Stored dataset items

==================================================

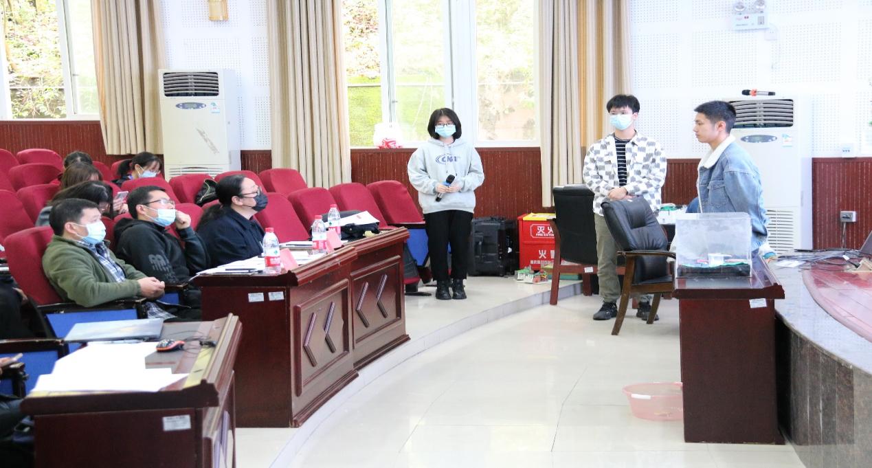 评委老师对各小组展示的地理模具也提出自己的疑问和看法。选手们面对评委老师的提问时,从容不迫地说出本小组模具的理论依据及其可行性。例如在提问刘永杰小组时,三位评委老师提出热力环流实验在中学教学中是否具有可行性的问题,刘永杰小组从实验所需材料及实验所需的时间两个方面进行回答,有力地证明了热力环流教具模型的可行性。
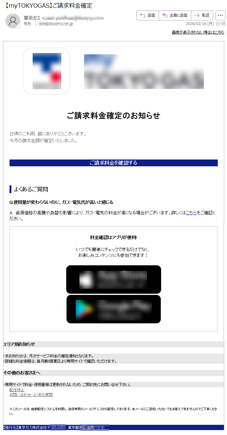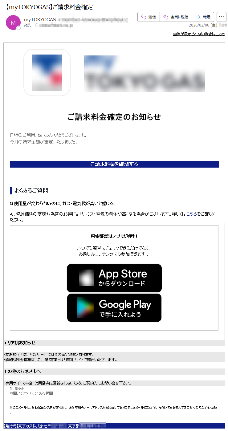【myTOKYOGAS】ご請求料金確定のお知らせ(自動配信メール)
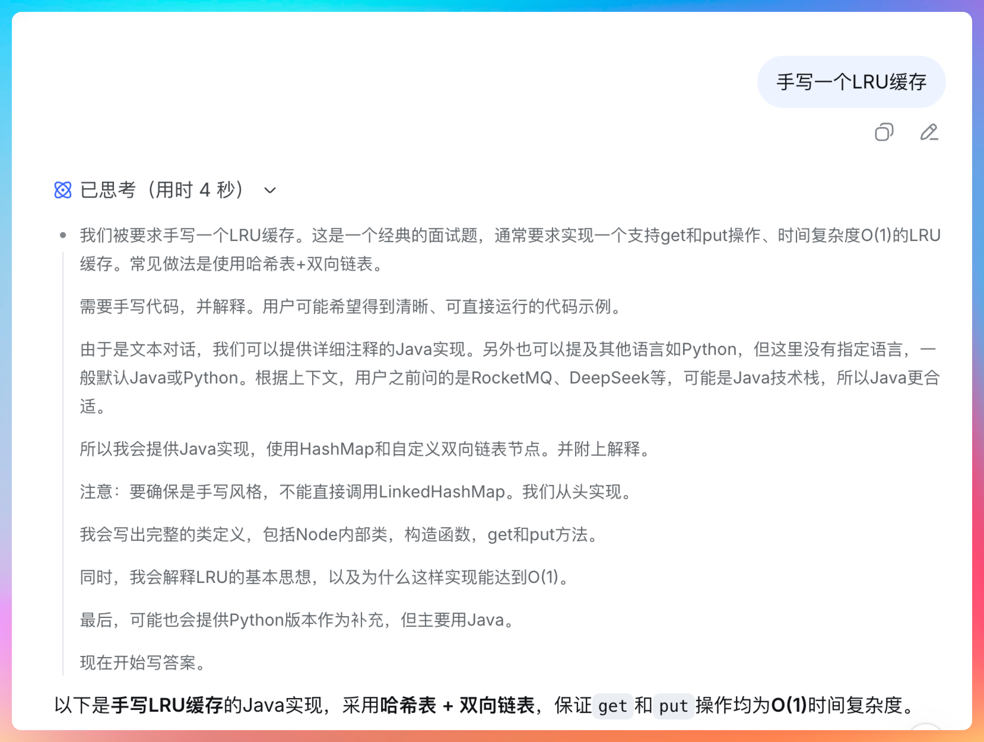 }并给出这样的结论:手写 LRU 的核心是哈希表保证查找速度,双向链表保证顺序调整效率。掌握此模板,可应对所有相关面试变体(如带过期时间的 LRU、LFU 等)。
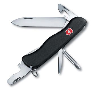 Перочинный нож CENTURION имеет 11 функций: 1. Фиксирующееся лезвие 2. Крестовая отвёртка 3. Консервный нож с: 4. – Малой отвёрткой 5. Фиксирующаяся открывалка для бутылок с: 6. – Отвёрткой 7. – Инструментом для снятия изоляции 8. Шило, кернер 9. Кольцо для ключей 10. Пинцет 11. Зубочистка Цвет рукояти: чёрный Рекомендуемые чехлы: 4.0822.N, 4.0822.L, 4.0482.1, 4.0547.3, 4.0537 Рекомендуемые аксессуары: Инструмент для заточки: 4.3311, 4.3323, 4.0567.32 Держатели на ремень: 4.1853,... None Возможен самовывоз.
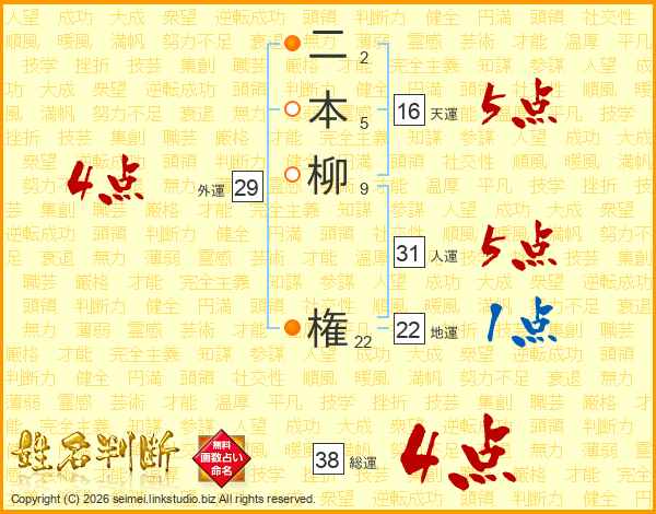 二本柳権さんの総運は38画の4点!
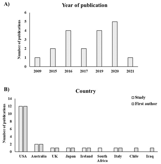 (A) Number of publications by year of publication; (B) country of the study and country of the first author’s affiliation. Publications can have more than one country for the first author.
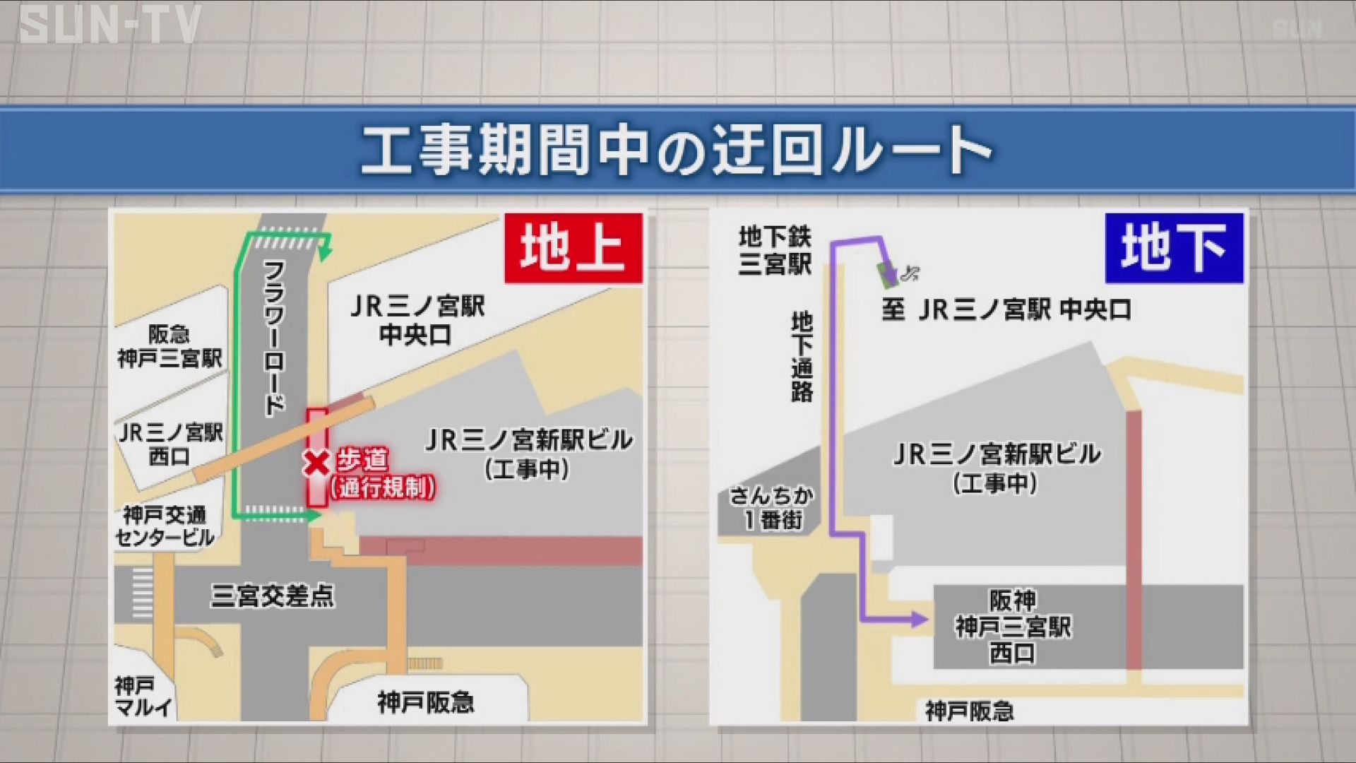 これに伴い、三宮交差点からJR三ノ宮駅方面への移動は横断歩道を渡り、フラワーロードを通る迂回の他、地下通路の活用や階段などで地上に出ることなどが必要です。
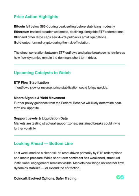 🗞 주간 뉴스레터가 나왔습니다! 하이라이트: 미국 현물 암호화폐 ETF에서 하루 만에 거의 10억 달러에 달하는 자금 유출이 발생하며 2026년 최대 규모의 기관 전부 매도(Capitulation) 사태 중 하나로 기록되었습니다. 비트코인은 거시 경제 불확실성과 펀드 환매가 맞물리면서 수주 만에 최저치로 떨어졌습니다. 단기적인 약세에도 불구하고, 제도적 기반 시설 확장은 표면적으로 드러나지 않는 곳에서 지속적으로 진행되고 있습니다. 이번 주 주요 동력을 이끄는 요소들을 아래에서 간략하게 확인해 보세요.

==================================================

▶ _Exercise description_
Restate, word for word, each line from the one with "これに伴い、三宮交差点からJ" to the end of the entries, both included, and keep every picture out.

▶ _Result for this exercise_
 これに伴い、三宮交差点からJR三ノ宮駅方面への移動は横断歩道を渡り、フラワーロードを通る迂回の他、地下通路の活用や階段などで地上に出ることなどが必要です。
 🗞 주간 뉴스레터가 나왔습니다! 하이라이트: 미국 현물 암호화폐 ETF에서 하루 만에 거의 10억 달러에 달하는 자금 유출이 발생하며 2026년 최대 규모의 기관 전부 매도(Capitulation) 사태 중 하나로 기록되었습니다. 비트코인은 거시 경제 불확실성과 펀드 환매가 맞물리면서 수주 만에 최저치로 떨어졌습니다. 단기적인 약세에도 불구하고, 제도적 기반 시설 확장은 표면적으로 드러나지 않는 곳에서 지속적으로 진행되고 있습니다. 이번 주 주요 동력을 이끄는 요소들을 아래에서 간략하게 확인해 보세요.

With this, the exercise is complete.